2007-12-05 08:13:38 +00:00
#
# $Id$
#
# This program is a modified version of awklisp originally written
# by Darius Bacon. The only modification is to append a semicolon
# onto the end of each statement to cater for the semicolon requirement
# of ASEAWK.
#
# <<README>>
#
# See the Manual file for documentation.
#
# This release also has a Perl version, perlisp, contributed by the Perl
# Avenger, who writes:
#
# It has new primitives: a reentrant "load", a "trace" command, and more
# error reporting. Perlisp will attempt to load a program called
# "testme" before anything else, when it runs. After that, it will load
# $HOME/.perlisprc if that file exists, before reverting to the
# interactive read/eval/print loop.
#
# The awk code is still essentially the code posted to alt.sources (May
# 31, 1994), but with a garbage collector added.
#
#
# Copyright (c) 1994, 2001 by Darius Bacon.
#
# Permission is granted to anyone to use this software for any
# purpose on any computer system, and to redistribute it freely,
# subject to the following restrictions:
#
# 1. The author is not responsible for the consequences of use of
# this software, no matter how awful, even if they arise from
# defects in it.
#
# 2. The origin of this software must not be misrepresented, either
# by explicit claim or by omission.
#
# 3. Altered versions must be plainly marked as such, and must not
# be misrepresented as being the original software.
# <<Manual>>
#
# awklisp: a Lisp interpreter in awk
# version 1.2
#
# Darius Bacon
# darius@accesscom.com
# http://www.accesscom.com/~darius/
#
#
# 1. Usage
#
# mawk [-v profiling=1] -f awklisp <optional-Lisp-source-files>
#
# The -v profiling=1 option turns call-count profiling on.
#
# If you want to use it interactively, be sure to include '-' (for the standard
# input) among the source files. For example:
#
# mawk -f awklisp startup -
#
# It should work with nawk and gawk, too, but even less quickly.
#
#
# 2. Overview
#
# This program arose out of one-upmanship. At my previous job I had to
# use MapBasic, an interpreter so astoundingly slow (around 100 times
# slower than GWBASIC) that one must wonder if it itself is implemented
# in an interpreted language. I still wonder, but it clearly could be:
# a bare-bones Lisp in awk, hacked up in a few hours, ran substantially
# faster. Since then I've added features and polish, in the hope of
# taking over the burgeoning market for stately language
# implementations.
#
# This version tries to deal with as many of the essential issues in
# interpreter implementation as is reasonable in awk (though most would
# call this program utterly unreasonable from start to finish, perhaps...).

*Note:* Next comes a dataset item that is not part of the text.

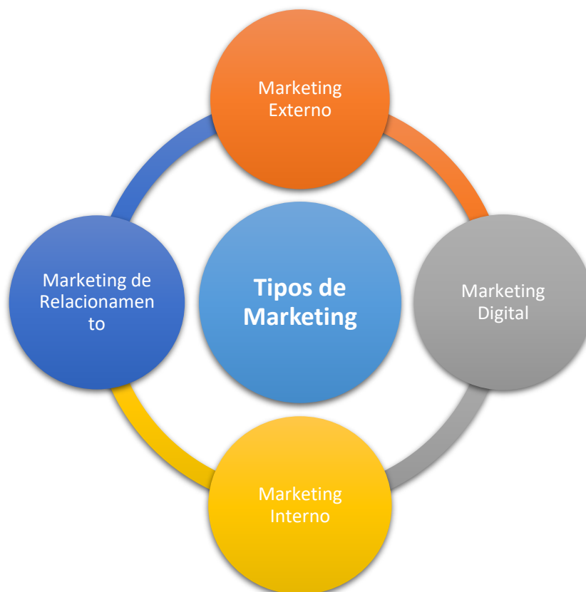
Figura 2- Tipos de marketing

Machado et al., (2015); Chaves (2018), defendem a ideia de que na odontologia esse mesmo marketing não pode ser utilizado de forma diferente, pois ele serve para elevar a amplitude do mercado consumidor e satisfazer os resultados esperados pelo cliente. Partindo desse pressuposto, deve-se pensar na qualidade do atendimento às pessoas. Por isso, é de grande valia salientar que o cirurgião dentista administre seu consultório não só como uma empresa que presta serviços à sociedade, mas também como uma empresa que oferta serviços pensando no bem estar e qualidade de vida dos seus clientes. E dessa forma, evitando transtornos, bem como, a perda de clientes já existentes e a decadência pela falta de novos clientes, o que acarreta na crise de rentabilidade do consultório.

# Awk's impoverished control structures put error recovery and tail-call
# optimization out of reach, in that I can't see a non-painful way to code
# them. The scope of variables is dynamic because that was easier to
# implement efficiently. Subject to all those constraints, the language
# is as Schemely as I could make it: it has a single namespace with
# uniform evaluation of expressions in the function and argument positions,
# and the Scheme names for primitives and special forms.
#
# The rest of this file is a reference manual. My favorite tutorial would be
# _The Little LISPer_ (see section 5, References); don't let the cute name
# and the cartoons turn you off, because it's a really excellent book with
# some mind-stretching material towards the end. All of its code will work
# with awklisp, except for the last two chapters. (You'd be better off
# learning with a serious Lisp implementation, of course.)
#
# The file Impl-notes in this distribution gives an overview of the
# implementation.
#
#
# 3. Expressions and their evaluation
#
# Lisp evaluates expressions, which can be simple (atoms) or compound (lists).
#
# An atom is a string of characters, which can be letters, digits, and most
# punctuation; the characters may -not- include spaces, quotes, parentheses,
# brackets, '.', '#', or ';' (the comment character). In this Lisp, case is
# significant ( X is different from x ).
#
# Atoms: atom 42 1/137 + ok? hey:names-with-dashes-are-easy-to-read
# Not atoms: don't-include-quotes (or spaces or parentheses)
#
# A list is a '(', followed by zero or more objects (each of which is an atom
# or a list), followed by a ')'.
#
# Lists: () (a list of atoms) ((a list) of atoms (and lists))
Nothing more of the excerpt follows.